COSC 526: Big Data Mining at Electrical Engineering and Computer Science Department, University of Tennessee, Knoxville
Similar to the previous year, this class will be focused on Big Data. The target of the class is to make aware of the recent developments in the aspects of data mining, typically focused on understanding the structure of large datasets. I am emphasizing on three aspects of algorithmic development for big data mining: (1) when available memory is extremely large (e.g., a shared memory architecture like Cray Urika); (2) when available memory is small, but can be distributed across a cluster (e.g., cloud like environments); and (3) when the available memory is small and data has to be analyzed “in-situ” or “online” (e.g., streaming environments). I plan on using Apache Spark, GraphX and other recent platforms for the projects. The students usually do four (individual) mini-projects and a class-level project that is highlighted as a poster session at the end of the semester.

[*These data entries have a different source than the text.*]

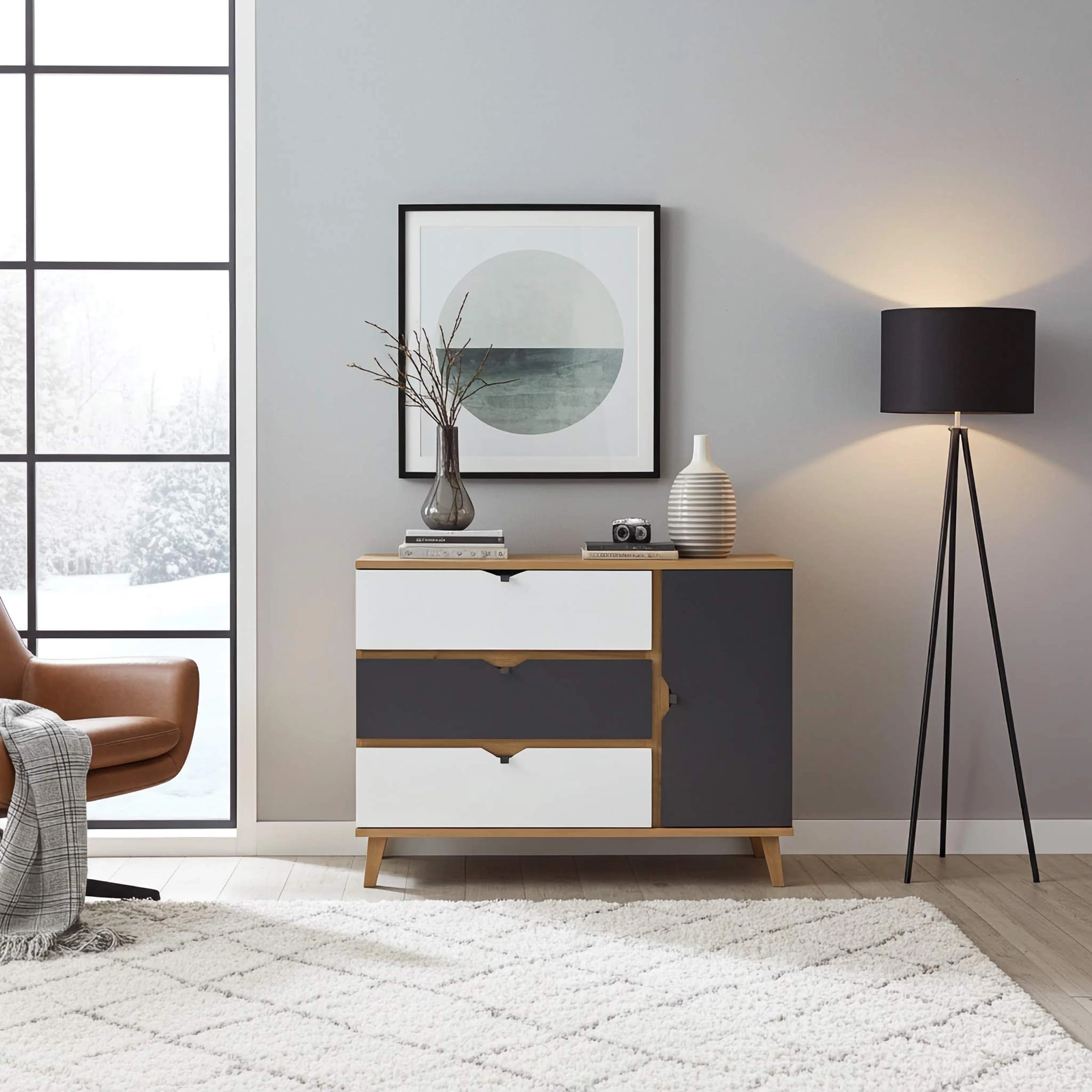 - Pojemna komoda na ubrania w kolorze Dąb Złoty / Grafit + Biały szerokość 120 cm – idealna do salonu lub sypialni, doda stylu i funkcjonalności Twojemu wnętrzu.
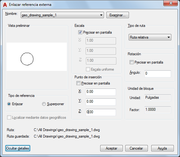 Muestra la ruta que se guarda con el dibujo al enlazar la referencia externa. La ruta depende del parámetro Tipo de ruta.
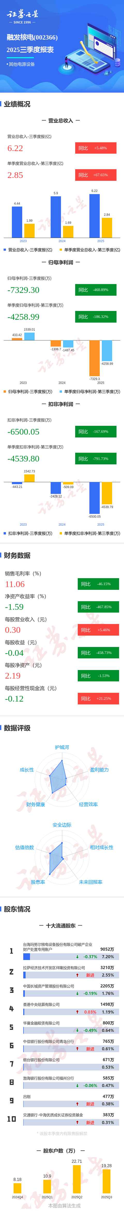 证券之星消息,融发核电2025年三季报显示,公司主营收入6.22亿元,同比上升5.49%;归母净利润-7329.3万元,同比下降460.9%;扣非净利润-6500.05万元,同比下降167.7%;其中2025年第三季度,公司单季度主营收入2.85亿元,同比上升67.65%;单季度归母净利润-4258.99万元,同比下降186.33%;单季度扣非净利润-4539.8万元,同比下降791.74%;负债率36.12%,投资收益-1650.56万元,财务费用1138.61万元,毛利率11.06%。

COSC 526: Big Data Mining at Electrical Engineering and Computer Science Department, University of Tennessee at Knoxville
The emphasis of this section will be on Big Data. Tentative topics to be covered include: (1) Introduction to big data mining paradigms using (a) Distributed computing tools such as Map-Reduce/Hadoop and (b) Multi-core tools including GPUs and heterogeneous compute resources, (2) Ideas to “munge, manipulate and analyze” large volumes of data, (3) Streaming Data Analytics, (4) Randomized/probabilistic approaches to construct matrix decompositions/ dimensionality reduction, (5) Similarity search in high dimensional datasets, (6) Link Detection/ Page Rank and applications, and (7) Graph mining techniques.
Planned datasets for course projects include: (1) large volumes of social media data (over a year worth of data collected at ORNL; >10 TB), (2) open source claims data from the Centers for Medicaid and Medicare (~80-100 GB but complex and noisy healthcare related data), (3) 1000 genome project ( >2 TB data but highly complex and noisy biological datasets), and (4) cybersecurity data.
The course grade was based on two mini-projects (with mini implementation examples), a course-project (which begins within the first two weeks of class) and a final poster session.